In the Tuesday press conference, McMaster was asked the crucial follow-up question: if the President did nothing inappropriate, why did Homeland Security Advisor Tom Bossert engage in damage control by calling up the intelligence agencies to warn them about what had been released? McMaster’s response was to double down on his original claim: he did not know why Bossert made those calls and neither he, nor Tillerson, nor Powell, thought there was anything inappropriate in what the president had shared.
McMaster further pre-butted another likely follow-up question: If it was not sensitive, why did the White House argue so strenuously with the Post not to publish their original story? McMaster’s answer: because in developing the story, the Post had done additional reporting that generated new details that were not shared with the Russians but, if made public, would in fact result in a dangerous release of classified material.
My interpretation of the White House push-back is a much-higher-stakes scenario than the conventional narrative. My version has the president’s most-respected staffers and principals — the ones that are least likely to lie out of some long-standing and misguided loyalty to the Trumpist cause — forcefully denying some of the most important aspects of a story that has now been reported multiple times based on a large number of (admittedly anonymous) sources.

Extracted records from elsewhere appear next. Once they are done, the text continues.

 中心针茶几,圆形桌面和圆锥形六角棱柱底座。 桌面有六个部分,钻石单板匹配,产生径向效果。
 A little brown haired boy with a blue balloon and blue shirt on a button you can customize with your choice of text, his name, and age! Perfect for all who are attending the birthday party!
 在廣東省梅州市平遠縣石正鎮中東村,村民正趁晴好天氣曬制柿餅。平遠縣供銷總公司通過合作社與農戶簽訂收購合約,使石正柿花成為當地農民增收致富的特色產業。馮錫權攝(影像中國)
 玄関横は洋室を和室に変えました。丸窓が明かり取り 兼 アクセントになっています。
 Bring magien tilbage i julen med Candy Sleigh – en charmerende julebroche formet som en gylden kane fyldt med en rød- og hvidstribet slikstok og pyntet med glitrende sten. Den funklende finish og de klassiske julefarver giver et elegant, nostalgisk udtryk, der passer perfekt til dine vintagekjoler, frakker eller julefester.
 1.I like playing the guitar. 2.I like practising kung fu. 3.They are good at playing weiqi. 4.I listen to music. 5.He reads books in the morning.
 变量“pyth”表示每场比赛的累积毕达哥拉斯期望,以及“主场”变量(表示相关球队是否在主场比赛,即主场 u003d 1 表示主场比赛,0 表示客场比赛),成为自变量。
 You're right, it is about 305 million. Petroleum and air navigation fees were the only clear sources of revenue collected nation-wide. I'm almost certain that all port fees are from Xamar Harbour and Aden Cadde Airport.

The Post story said the president put at risk sources and methods. That his key staff immediately realized they had this vulnerability. That accordingly they engaged in a desperate attempt to undo the president’s damage. By contrast, McMaster claimed that the president did not put sources and methods at risk. That he did not do anything inappropriate. And that the most experienced staff in the meeting did not think otherwise.

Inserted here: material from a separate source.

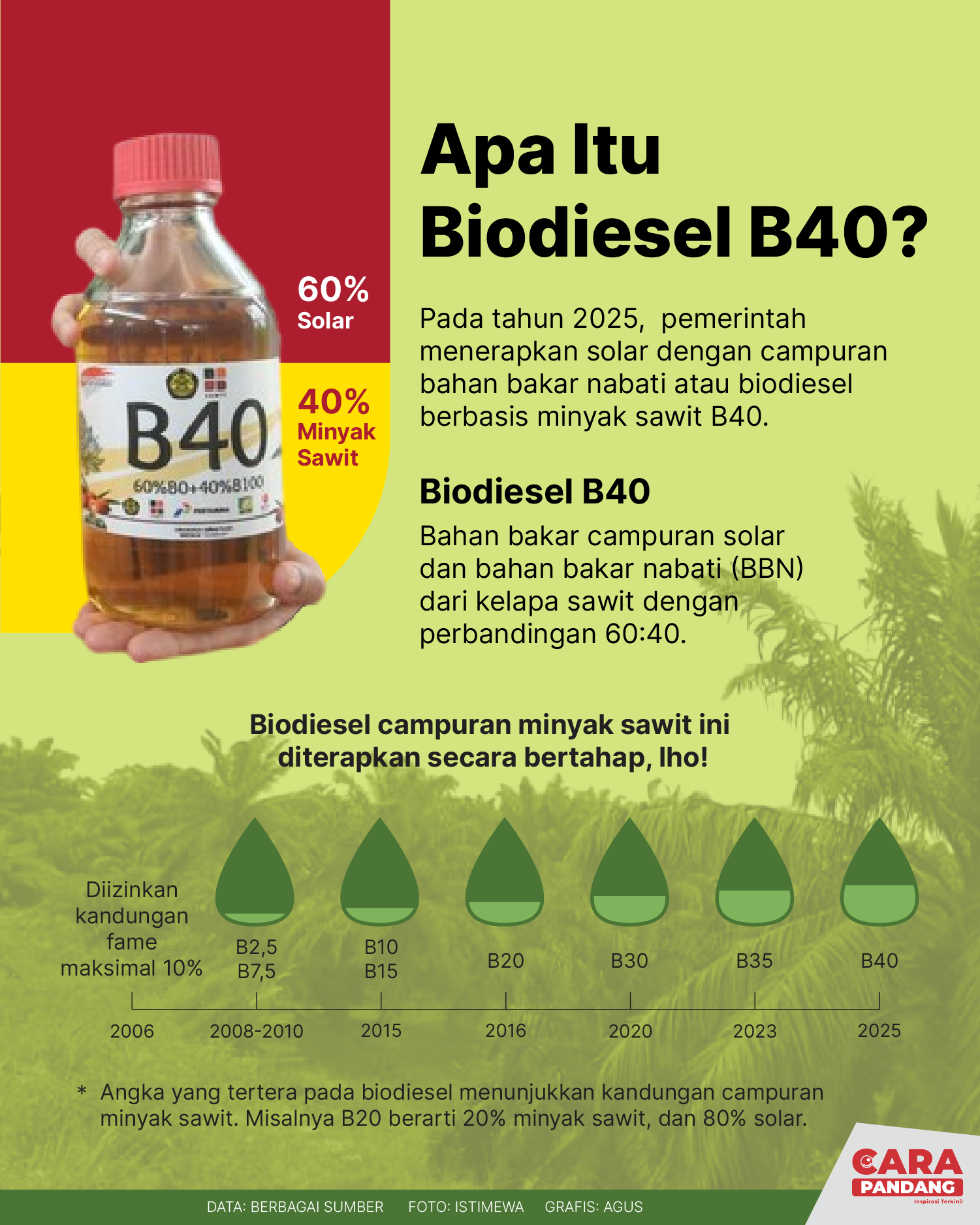 Beranda Infografis Apa itu Biodiesel B40? Infografis Apa itu Biodiesel B40? Penulis Amira Izzati - 13 Februari 2025 20:46 0 CARAPANDANG - 2025, Pemerintah menerapkan solar dengan campuran bahan bakar nabati atau biodiesel berbasis B40. Tags Berita Sebelumnya Prabowo Ditunjuk Kembali Jadi Ketua Umum Gerindra Berita Berikutnya TNI AU Kerahkan A400M untuk Antar Logistik ke Lokasi Bencana Aceh LEAVE A REPLY Cancel reply Comment: Please enter your comment! Name:* Please enter your name here Email:* You have entered an incorrect email address! Please enter your email address here Website: Save my name, email, and website in this browser for the next time I comment. Berita Teratas Pemimpin Thailand dan Kamboja Berbicara via Telepon dengan Trump, Bahas Konflik Perbatasan Potret Timur Tengah: Badai Musim Dingin Tewaskan Setidaknya 14 Orang di Gaza yang Porak-Poranda akibat Perang Program Edukasi Bermain Bantu Anak Atasi Kecemasan Saat MRI Maruarar Sirait: Kita Samakan Data, Baru Relokasi Dan Bangun Rumah Korban Banjir Sumatera Gie, Prabowo Presiden Sekarang Berita Terkait Berita Terkait Distribusi Bantuan Banjir Sumatra Lewat Udara Maliq - 06 Desember 2025 14:16 Dampak Banjir Aceh, Sumut dan Sumbar Zoel Rachman - 05 Desember 2025 08:47 Daftar Dosa Korupsi Netanyahu Zoel Rachman - 04 Desember 2025 12:52 Kutipan Pidato Hari Guru Nasional 2025 Maliq - 28 November 2025 12:12

The conventional narrative makes this just about spin in which the guilty party attempts to distract attention by pettifogging trivial details. The conventional narrative quickly reaches a very unsavory conclusion: the president’s staff are misdirecting the public to protect the president.
As I read the White House push-back, however, it appears they are attempting something much bigger and more difficult: they are claiming the central allegations of the Post story are false. If they are factually incorrect in those claims, that goes well beyond misdirection.
My counternarrative does not end the matter. On the contrary, there are lots more questions to be asked: Why did Bossert do damage control? When will the full transcript be released (something that should be easy to do if nothing sensitive or inappropriate transpired)? Will the director of national intelligence and director of the CIA back the White House account on the record? And so on.
Unfortunately for the White House, this story has legs. And if new revelations undermine the White House pushback, the consequences for all involved will be much graver.